In 1906, the Western Australian Party was formed. Sir John Forrest (Swan), formerly a Protectionist, ran as its endorsed candidate, but in reality remained a member of the "Corner" group.
 Anti-Socialist MP Norman Cameron (Wilmot) lost pre-selection and contested the election as an Independent.
 Labour Senator Anderson Dawson (Queensland) initially announced his intention to retire at this election. He ultimately decided to contest it, but as the Labour candidates had already been selected he ran as an Independent.
 Labour MP James Ronald (Southern Melbourne), whose seat was abolished, was unsuccessful seeking pre-selection for Melbourne Ports. He contested the election as an Independent.

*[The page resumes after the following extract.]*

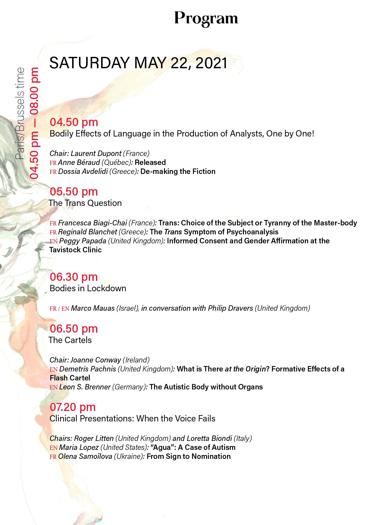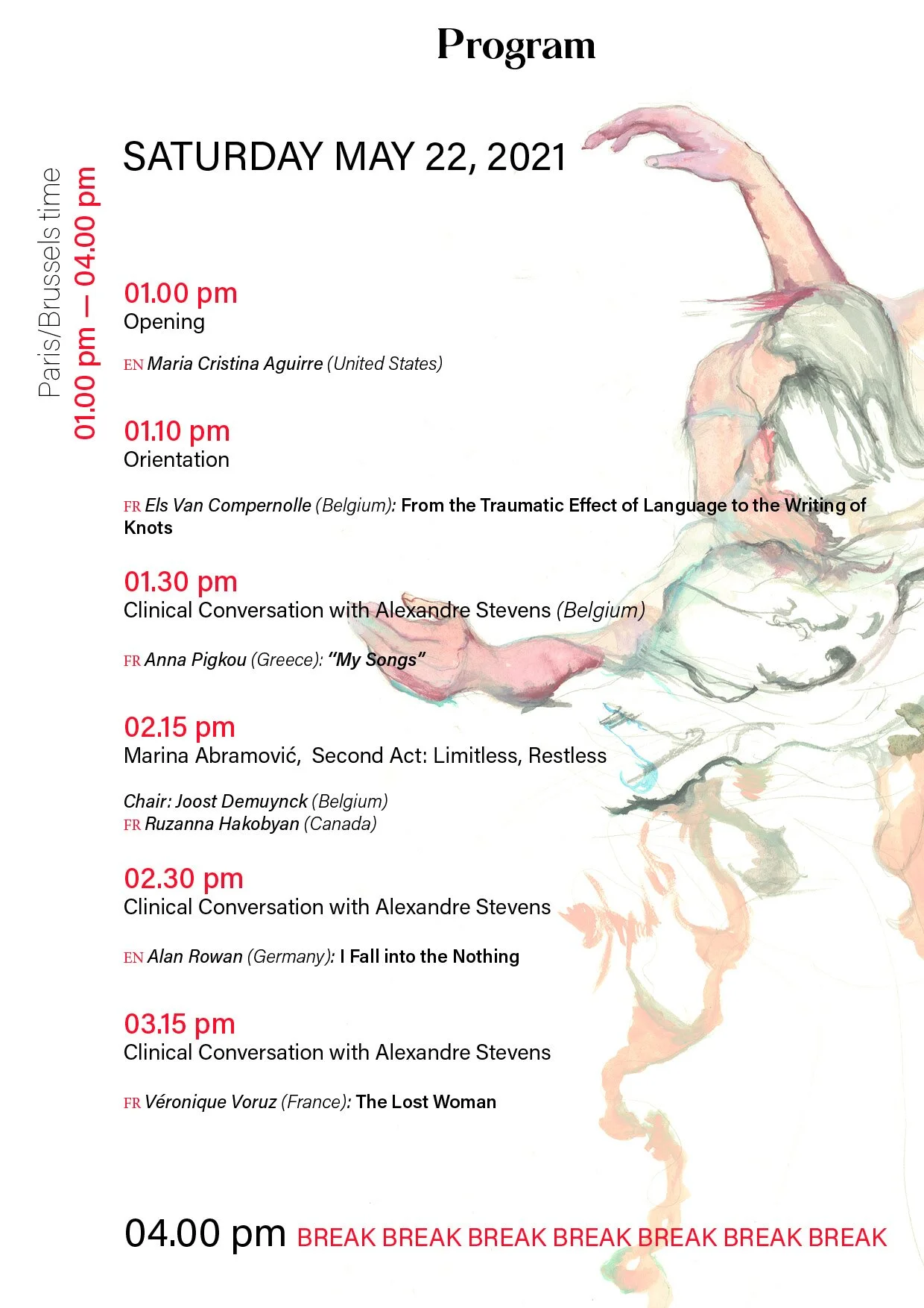 Saturday 22 May 1:30 pm - 4 pm Brussels / Paris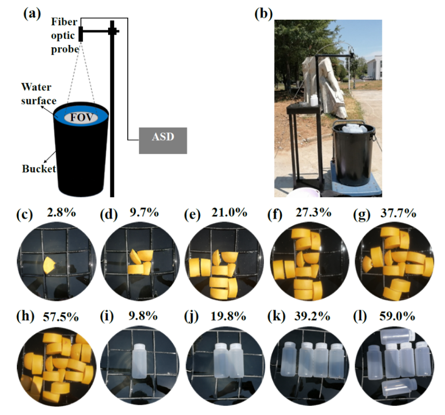 王胜强教授团队以近海常见的漂浮塑料垃圾(PVC浮标和PP塑料瓶)为研究对象,综合开展了室外控制测量试验(图4),以及理论模拟试验,深入分析了漂浮塑料垃圾的光谱特征,研究了漂浮塑料垃圾覆盖度对水体-垃圾反射混合光谱信号的影响机制。研究结果显示:漂浮塑料垃圾的反射率光谱值明显高于背景水体,尤其在近红外(Near Infrared,NIR)和短波红外(Shortwave Infrared,SWIR)波段;混合光谱分析表明,水体-垃圾混合反射率光谱值随塑料漂浮垃圾覆盖度增加呈线性增加;在SWIR波段,PVC浮标和PP塑料瓶具有相似的吸收谷特征,且吸收谷深度随覆盖度增加而加深。基于此,构建了塑料漂浮垃圾覆盖度定量反演的光谱指数(Floating Plastic Index,FPI),建立了漂浮塑料垃圾覆盖度定量反演模型,本研究成果为海洋漂浮垃圾遥感监测奠定了重要的光学理论基础。

Redistributions and seat changes

Redistributions of electoral boundaries occurred in New South Wales and Victoria.
In New South Wales, Bland was abolished, Cook and Nepean were created, and Canobolas was renamed Calare.
The member for Bland, Chris Watson (Labour), contested South Sydney.
The member for Canobolas, Thomas Brown (Labour), contested Calare.
In Victoria, Corinella and Moira were abolished, Maribyrnong was created, and Northern Melbourne and Southern Melbourne were renamed Batman and Fawkner respectively.
The member for Corinella, James McCay (Anti-Socialist), contested Corio.
The member for Echuca, James McColl (Anti-Socialist), contested the Senate.
The member for Flinders, James Gibb (Anti-Socialist), contested the New South Wales seat of Hume.
The member for Grampians, Thomas Skene (Anti-Socialist), contested the Senate.
The member for Melbourne Ports, Samuel Mauger (Protectionist), contested Maribyrnong.
The member for Moira, Thomas Kennedy (Protectionist), contested Echuca.
The member for Southern Melbourne, James Ronald (Independent), contested Melbourne Ports.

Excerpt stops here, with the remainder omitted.